*PROBLEM DETAILS*: Output must consist only of the lines of the material below from the one with "洋气百褶短裙套装 针织毛衣开衫 polo领女童纯棉麻花长袖 秋冬新款" through the one with "80~90% ์ง์ |", each reproduced exactly; no pictures belong in it.

*GIVEN ENTRIES*:
========================

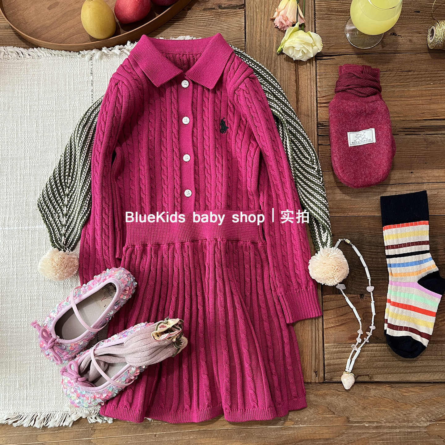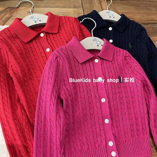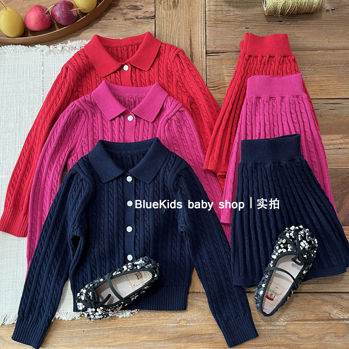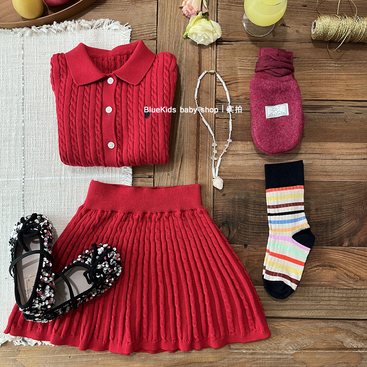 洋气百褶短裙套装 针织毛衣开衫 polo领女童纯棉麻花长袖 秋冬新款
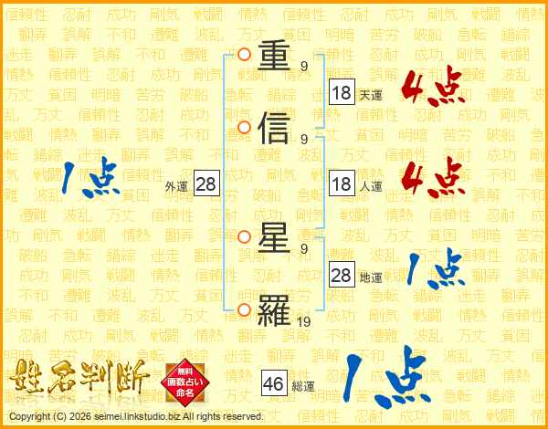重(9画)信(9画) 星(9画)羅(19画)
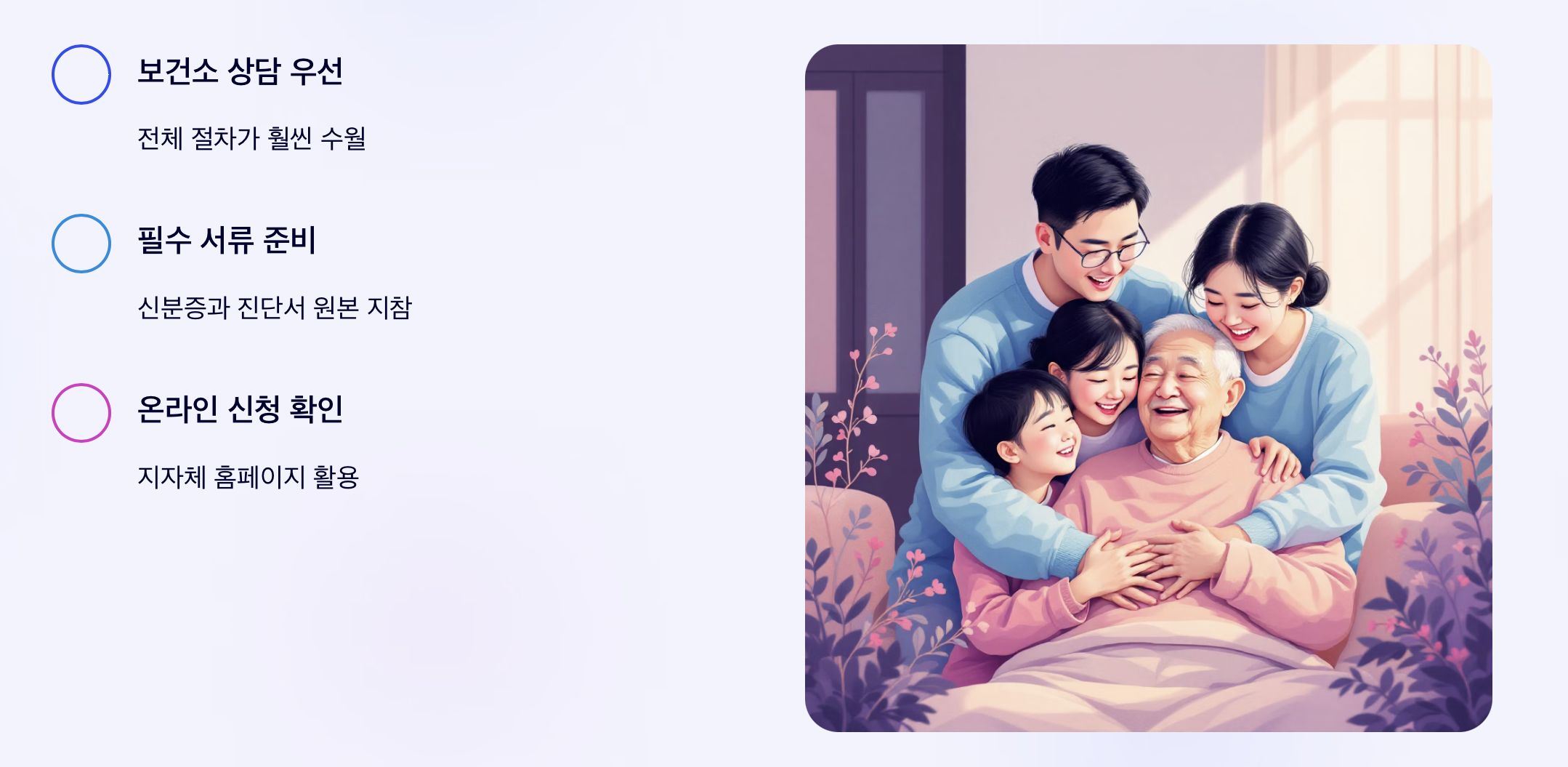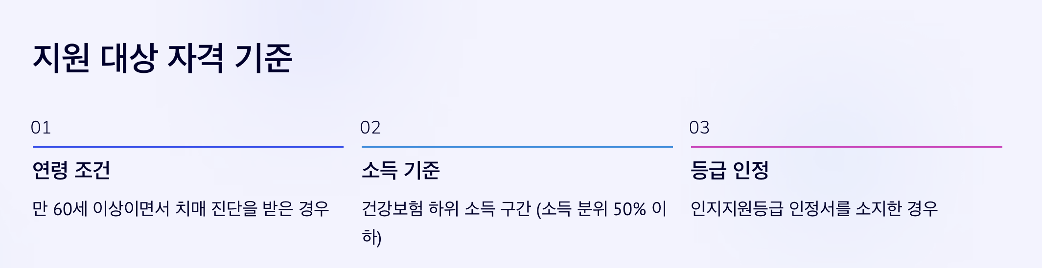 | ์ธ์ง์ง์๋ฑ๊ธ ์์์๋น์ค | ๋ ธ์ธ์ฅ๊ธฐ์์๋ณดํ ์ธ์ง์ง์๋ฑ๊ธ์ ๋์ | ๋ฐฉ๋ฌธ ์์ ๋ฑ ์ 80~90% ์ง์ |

========================

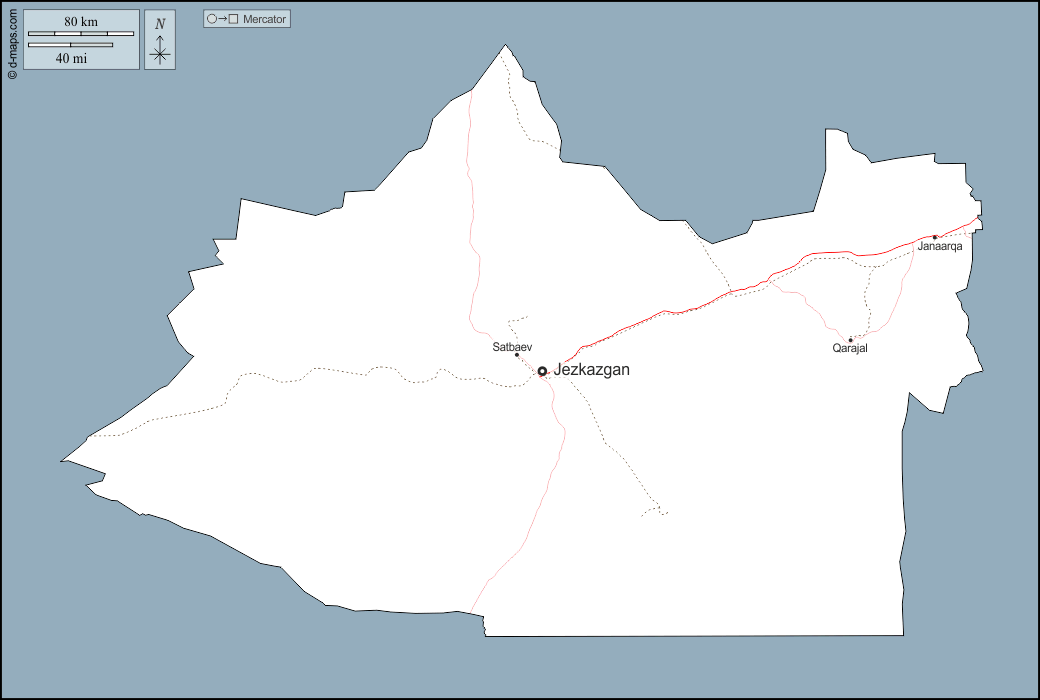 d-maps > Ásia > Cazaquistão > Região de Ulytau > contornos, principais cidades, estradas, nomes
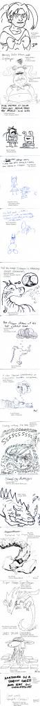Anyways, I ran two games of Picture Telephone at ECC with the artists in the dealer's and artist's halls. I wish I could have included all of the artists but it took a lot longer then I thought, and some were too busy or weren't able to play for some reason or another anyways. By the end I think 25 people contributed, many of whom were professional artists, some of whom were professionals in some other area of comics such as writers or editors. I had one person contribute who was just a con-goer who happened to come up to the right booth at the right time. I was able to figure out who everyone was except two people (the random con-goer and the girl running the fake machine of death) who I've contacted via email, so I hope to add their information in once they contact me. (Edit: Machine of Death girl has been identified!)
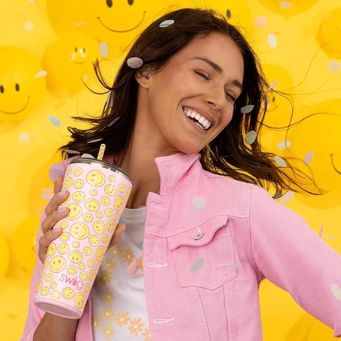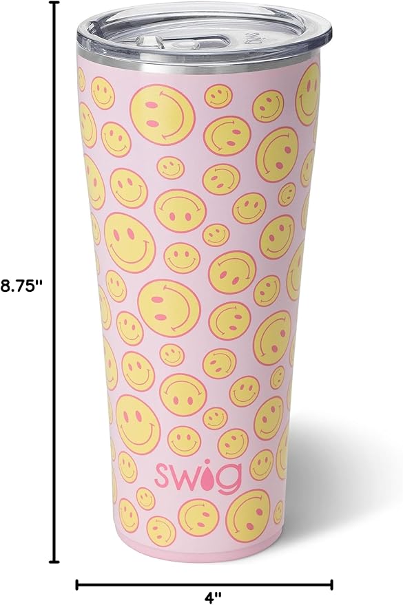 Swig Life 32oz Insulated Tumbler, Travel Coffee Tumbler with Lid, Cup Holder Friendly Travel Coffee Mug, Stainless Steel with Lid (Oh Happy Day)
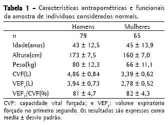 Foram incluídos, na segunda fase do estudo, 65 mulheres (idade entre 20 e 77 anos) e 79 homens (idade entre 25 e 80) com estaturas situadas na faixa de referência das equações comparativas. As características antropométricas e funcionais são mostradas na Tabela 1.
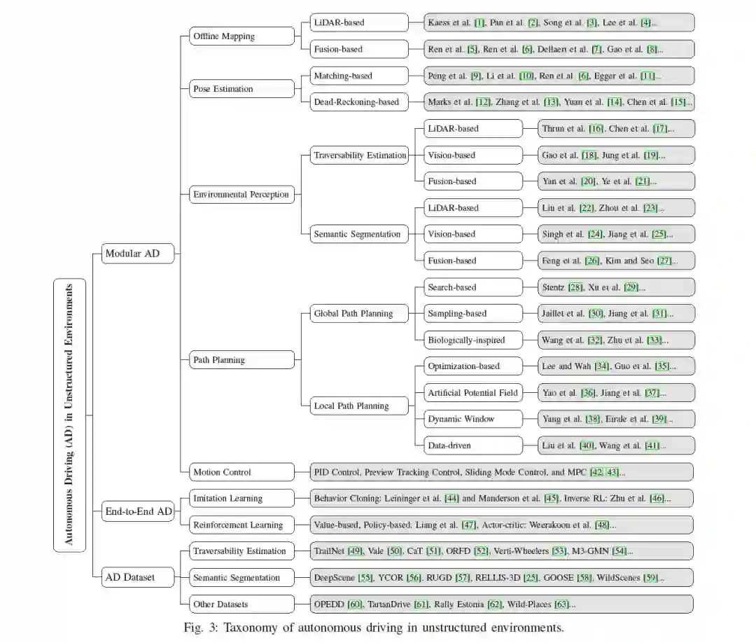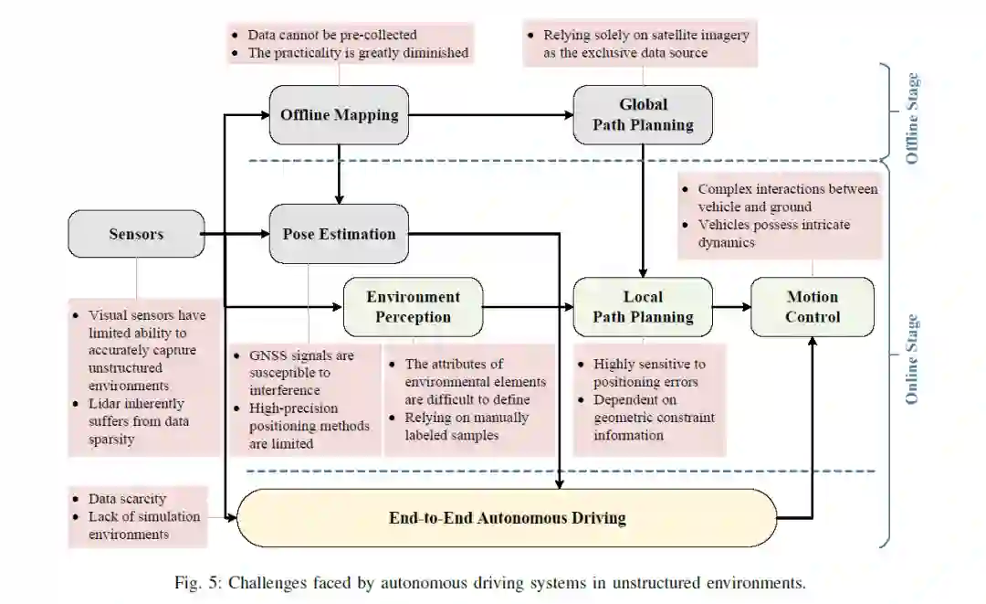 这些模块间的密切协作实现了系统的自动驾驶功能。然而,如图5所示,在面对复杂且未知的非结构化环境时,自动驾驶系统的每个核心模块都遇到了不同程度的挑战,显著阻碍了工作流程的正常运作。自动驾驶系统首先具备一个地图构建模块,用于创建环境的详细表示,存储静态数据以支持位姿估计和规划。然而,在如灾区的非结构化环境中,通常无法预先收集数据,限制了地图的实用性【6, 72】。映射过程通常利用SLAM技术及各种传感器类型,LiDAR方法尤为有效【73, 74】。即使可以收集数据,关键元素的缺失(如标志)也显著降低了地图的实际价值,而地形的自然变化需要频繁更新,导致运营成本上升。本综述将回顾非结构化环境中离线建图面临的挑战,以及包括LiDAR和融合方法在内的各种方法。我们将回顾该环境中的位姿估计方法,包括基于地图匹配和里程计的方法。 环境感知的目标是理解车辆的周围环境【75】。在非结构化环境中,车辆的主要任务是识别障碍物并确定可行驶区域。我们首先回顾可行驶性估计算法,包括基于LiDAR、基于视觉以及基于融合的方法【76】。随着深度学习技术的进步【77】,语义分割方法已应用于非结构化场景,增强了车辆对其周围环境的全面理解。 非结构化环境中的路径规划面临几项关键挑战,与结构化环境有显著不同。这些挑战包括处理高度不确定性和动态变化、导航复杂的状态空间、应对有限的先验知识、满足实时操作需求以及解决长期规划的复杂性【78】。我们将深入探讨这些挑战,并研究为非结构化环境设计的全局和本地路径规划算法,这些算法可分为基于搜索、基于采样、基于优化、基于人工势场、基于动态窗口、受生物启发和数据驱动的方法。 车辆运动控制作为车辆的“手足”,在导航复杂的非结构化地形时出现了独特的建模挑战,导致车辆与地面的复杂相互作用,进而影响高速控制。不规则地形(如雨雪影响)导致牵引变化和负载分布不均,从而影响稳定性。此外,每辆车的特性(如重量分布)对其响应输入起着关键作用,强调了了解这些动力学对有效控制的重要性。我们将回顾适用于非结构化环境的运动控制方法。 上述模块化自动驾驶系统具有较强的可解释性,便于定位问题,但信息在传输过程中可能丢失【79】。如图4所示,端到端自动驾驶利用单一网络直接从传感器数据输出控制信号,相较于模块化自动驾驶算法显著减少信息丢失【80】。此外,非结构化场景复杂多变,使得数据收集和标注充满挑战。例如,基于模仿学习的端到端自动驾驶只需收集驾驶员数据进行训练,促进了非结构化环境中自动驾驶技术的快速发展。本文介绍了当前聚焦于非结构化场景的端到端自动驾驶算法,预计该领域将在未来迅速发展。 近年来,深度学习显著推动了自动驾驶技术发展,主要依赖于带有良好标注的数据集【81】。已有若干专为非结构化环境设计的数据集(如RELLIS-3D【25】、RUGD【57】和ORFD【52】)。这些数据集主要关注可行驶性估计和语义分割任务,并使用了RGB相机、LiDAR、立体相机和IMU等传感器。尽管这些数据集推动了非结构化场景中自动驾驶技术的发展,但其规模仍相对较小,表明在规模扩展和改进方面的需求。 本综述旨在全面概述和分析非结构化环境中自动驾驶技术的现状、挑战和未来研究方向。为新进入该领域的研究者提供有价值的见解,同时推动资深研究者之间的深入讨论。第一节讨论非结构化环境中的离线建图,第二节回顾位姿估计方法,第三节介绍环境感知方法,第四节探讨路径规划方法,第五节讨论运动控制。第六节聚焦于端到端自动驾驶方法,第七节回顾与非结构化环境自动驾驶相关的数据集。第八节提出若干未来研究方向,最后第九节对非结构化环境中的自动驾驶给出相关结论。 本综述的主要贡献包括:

========================

*WRITTEN RESPONSE*:
 洋气百褶短裙套装 针织毛衣开衫 polo领女童纯棉麻花长袖 秋冬新款
重(9画)信(9画) 星(9画)羅(19画)
 | ์ธ์ง์ง์๋ฑ๊ธ ์์์๋น์ค | ๋ ธ์ธ์ฅ๊ธฐ์์๋ณดํ ์ธ์ง์ง์๋ฑ๊ธ์ ๋์ | ๋ฐฉ๋ฌธ ์์ ๋ฑ ์ 80~90% ์ง์ |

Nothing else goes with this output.